President Trump appointed Vice President Mike Pence to lead the nation’s response to the coronavirus pandemic. Pence is not a public health professional and has a checkered history with managing the government’s response to medical emergencies. But he does pray and knows now to lead prayer and knows how to inspire millions of Christians to pray.
But when a photograph of Pence leading a prayer in the White House was widely distributed, it generated mixed reactions. Some praised it as confirming their desire to see the Almighty given proper attention in the halls of power; others panned it as substituting religion for science and public policy.
My response, also, was double sided.
On the one hand, I was disheartened (but not surprised) by who is in the picture and who is not! Seventeen people are pictured in prayer, all (apparently) white people; fifteen of them (and all those seated on couches in the inner circle) are men. Two women stand on the outer fringe of the group, and one can’t help but suspect they are aides called into assist the decision-makers.
There are no obvious signs of religious or cultural diversity in the group: no yarmulke, hijab, turban, or other indicator that this group represented the full range of Americans who pray.
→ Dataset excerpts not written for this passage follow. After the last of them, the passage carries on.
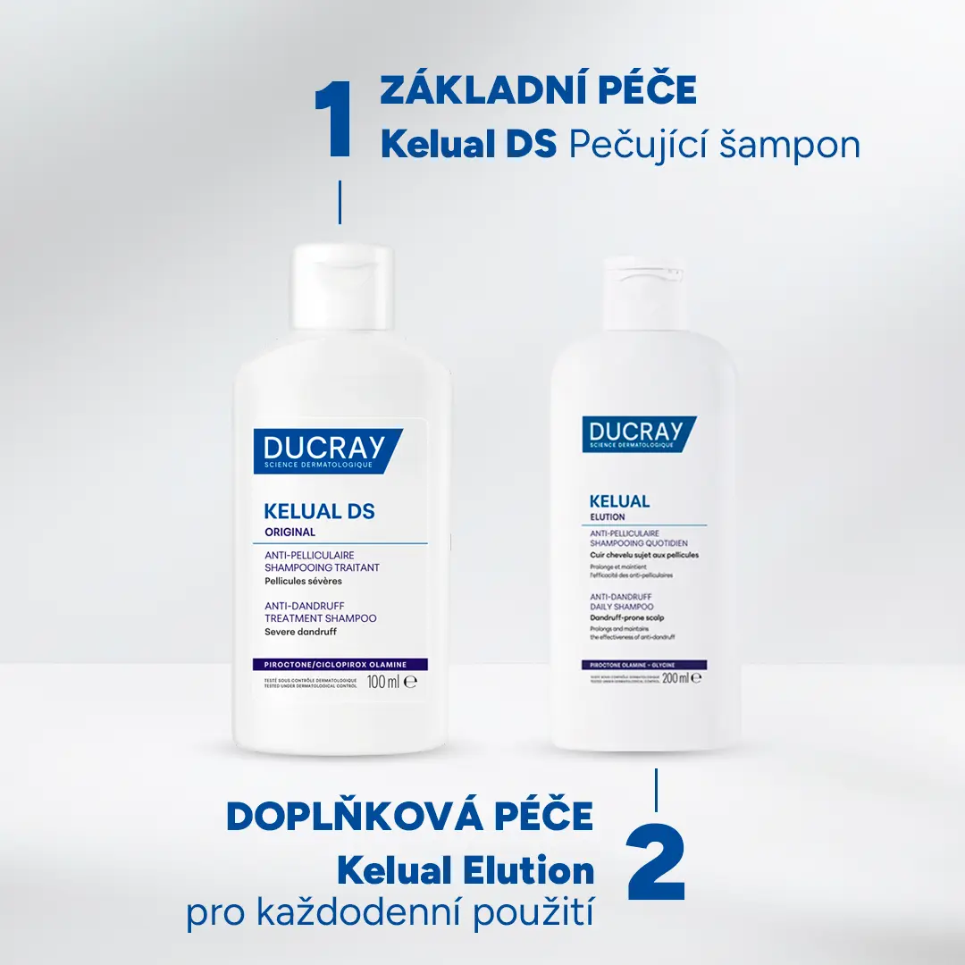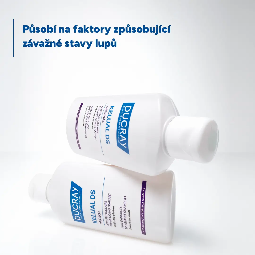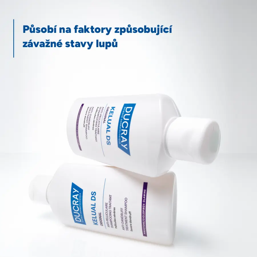 Kelual DS pečující šampon proti lupům a jejich opakovanému návratu je určený pro péči o závažné a recidivující formy lupů se začervenalou a svědící vlasovou pokožkou a vlasovou pokožku trpící seboroickou dermatitidou. Již od prvního použití zklidňuje svědění vlasové pokožky, zmírňuje začervenání, odstraňuje lupy a zároveň brání jejich opakovanému návratu. Jeho komplexní složení obsahující čisticí a doplňkové aktivní látky působí proti všem faktorům zodpovědným za výskyt závažných stavů lupů.
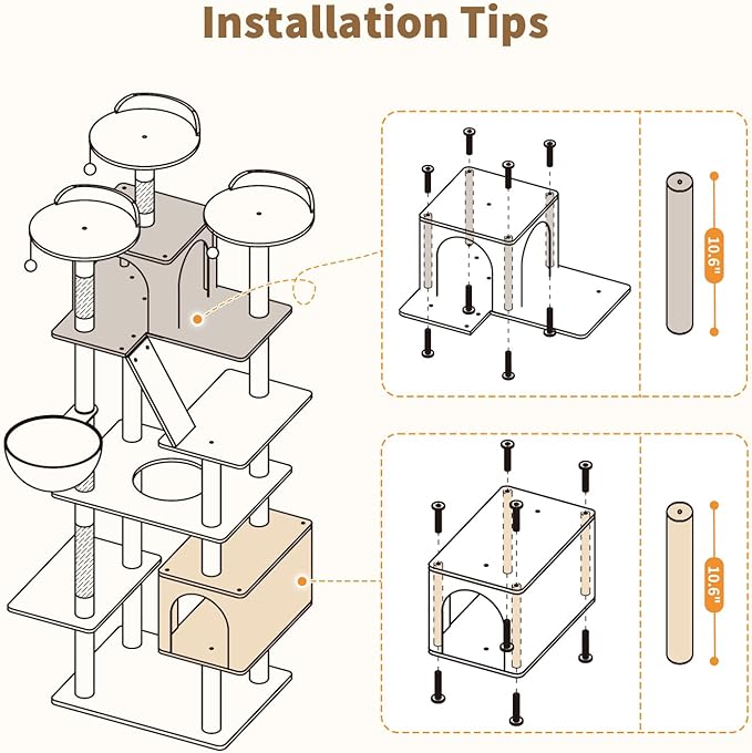 - PRIVATE CONDOS & COZY HAMMOCK: Two enclosed condos and a soft, adjustable hammock give your cats comfortable places to rest or hide. A perfect setup for multi-cat homes or indoor cats who enjoy their own space.
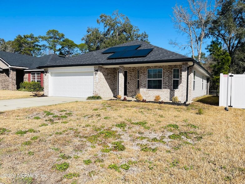 Welcome to this 3BED/2BATH Solar BEAUTY backed up to water in NW Jax in Natural Park Estates! This property boasts an amazing brick home w/ water softener, wifi connected sprinklers, Google Nest Thermostat operated by phone, installed cameras & has highly sought-after floorplan. Upon entry you are met by an exquisite formal dining area that wraps around leading you into the oversized kitchen! This open-floorplan is topped w/ an island overlooking the family room with vaulted ceilings. Large primary bedroom w/ large walk-in closet. The bathroom features NEW Lighting, a Garden tub, Double Vanity & separate Shower! Outside awaits w/ a screened-in lanai for outdoor entertaining and even topped with a covered patio out front! With NEW nearby local conveniences and minutes from Downtown!
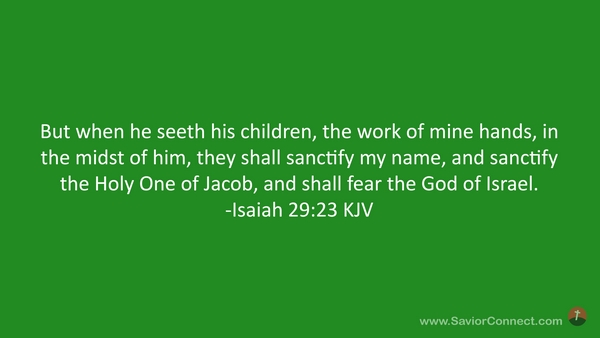 But when he seeth his children, the work of mine hands, in the midst of him, they shall sanctify my name, and sanctify the Holy One of Jacob, and shall fear the God of Israel. -Isaiah 29:23 KJV
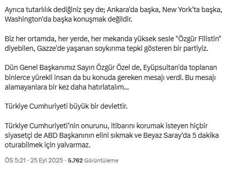 Yücel, CHP’nin Filistin meselesindeki tutumunun net olduğunu vurgulayarak, Genel Başkan Özgür Özel’in ve parti tabanının “soykırıma karşı net bir duruş sergilediğini” söyledi. Açıklamasında şu ifadeye yer verdi:
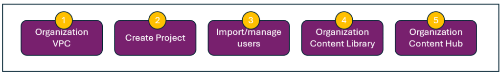 Please refer this organization (Tenant) management journey map from broadcom documentation. It is very useful for customers starting with their first tenant setup.
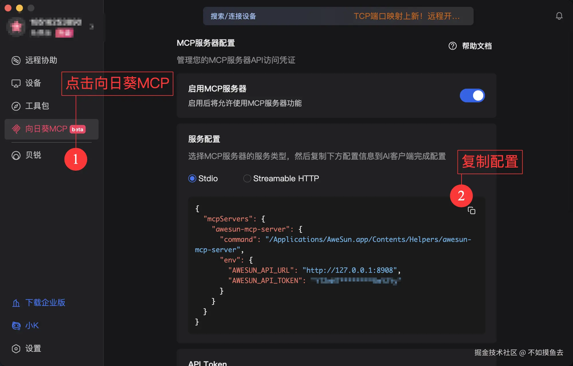 安装向日葵后,按照下图获取 mcp 相关配置:
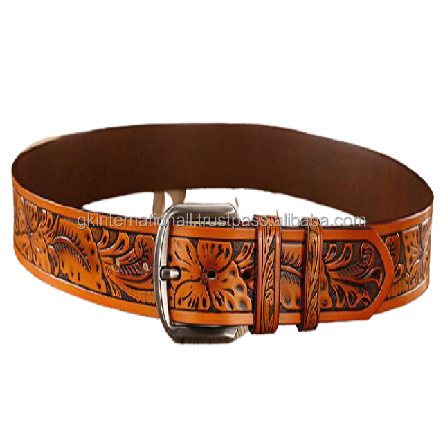 Fashion Two Tone Luxury Cowboy Western Tooled Floral Embossed Full Grain Genuine Cowhide Leather Belt for Men
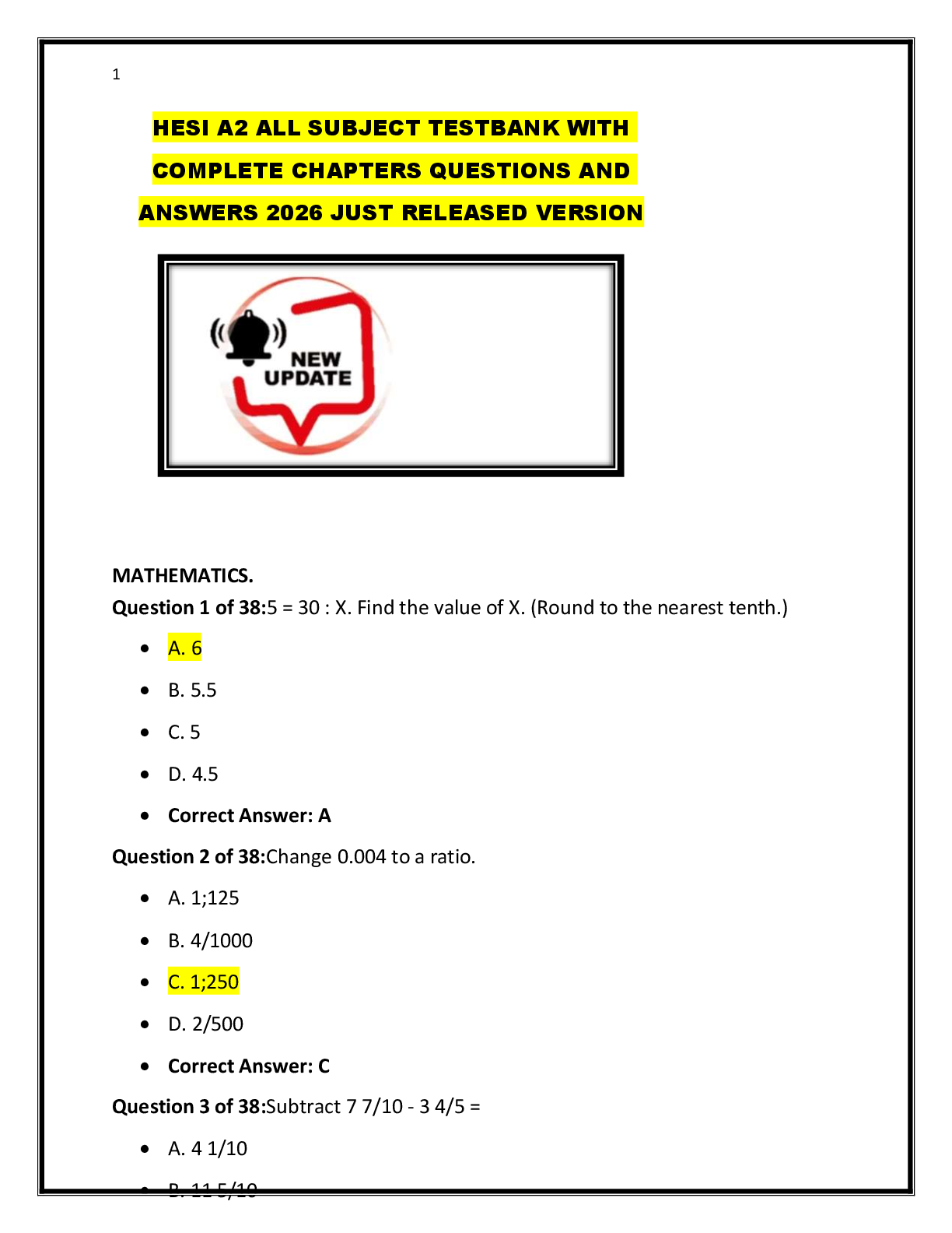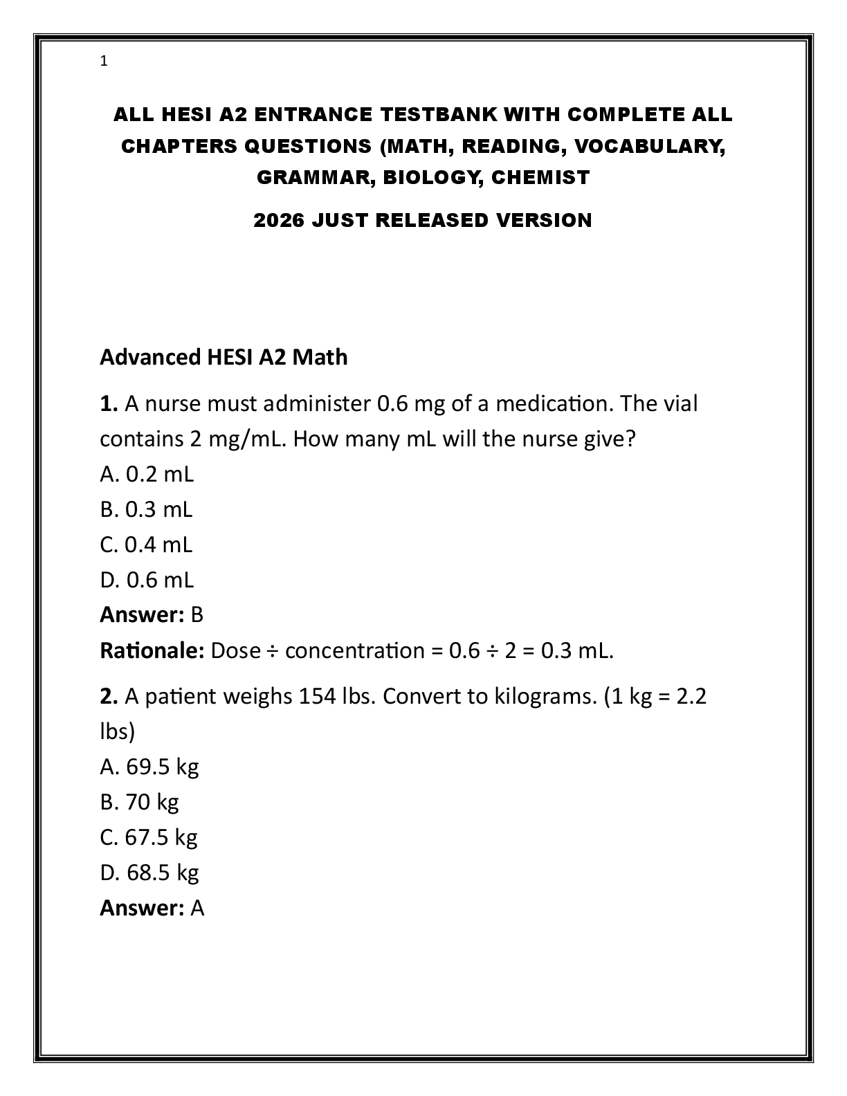 HESI > HESI A2 > HESI A2 ALL SUBJECT TESTBANK WITH COMPLETE CHAPTERS QUESTIONS AND ANSWERS 2026 JUST RELEASED VERSION

We have become accustomed to this presidential preference for white men of a certain Christian persuasion.
On the other hand, I pray for our leaders—local, regional, and national—and I am heartened when they also pray. Prayer is an act of humility, and people of power especially need this reminder of their need for help. Prayer is calling out to God, and it sounds the same from the addict sleeping under the bridge as it does from the doctor working in the lab.
We need help.
The White House needs help. Our nation needs help. The world needs help. We all need to pray, to pray together, to pray regularly, to pray believing that God hears the prayers of both the addict and the doctor. We need to pray as a prelude to the actual work that will protect the people, and treat the sick, and find a cure.
I do not disdain the elites who pray: for wisdom to govern, courage to act, patience to listen, strength to forgive, resolve to resist personal gain in favor of public good, grace to see the goodness of God in the face of every person regardless of nationality, religion, education, or ideology.
I fear those, however, who use their praying as an excuse to neglect their work; and this goes on in homes, churches, and schools all over the nation. I am not surprised that it happens also in Washington, in Congress, and in the White House. Too many elected people want to pray and stop, throwing all the responsibility heavenward in the hopes that a divine intervention will rescue us from disease, danger, destruction, and death.
And this is precisely what has happened.
Before, during, and after appointing his vice president to assume leadership in policy and prayer, Trump exercised his power to dismiss the scientists, the doctors, and the public health officials whose talent we so desperately need to face the crisis before us. Prayer without action—in this case, the kind of action that only scientists, doctors, and public health officials can do—is no prayer at all. It is the sounding of gongs and the clanging of cymbals. It is false, and frivolous, and fake.
In every situation, God does all that God can do—so wrote the late, great theologian Frank Tupper partially in response to the midlife dying of his first and only wife. Surely the pandemic that was gathering strength just as he was losing his stands as exhibit A in support of his thesis. God hears our prayers, but not even God can answer our prayers if we disrespect the very means by which God intends to save us.
In the end, I tolerate and commend the prayers even of the narrow-minded folk who gather in the White House these days, but only if before they bow the head, bend the knee, or fall prostrate on the floor they get up early and stay up late working in the labs, on the streets, and around all the corners of the world. God is not willing that any should perish—not now, not ever.
Hear our prayer, O Lord, for the Glory of God and the Common Good.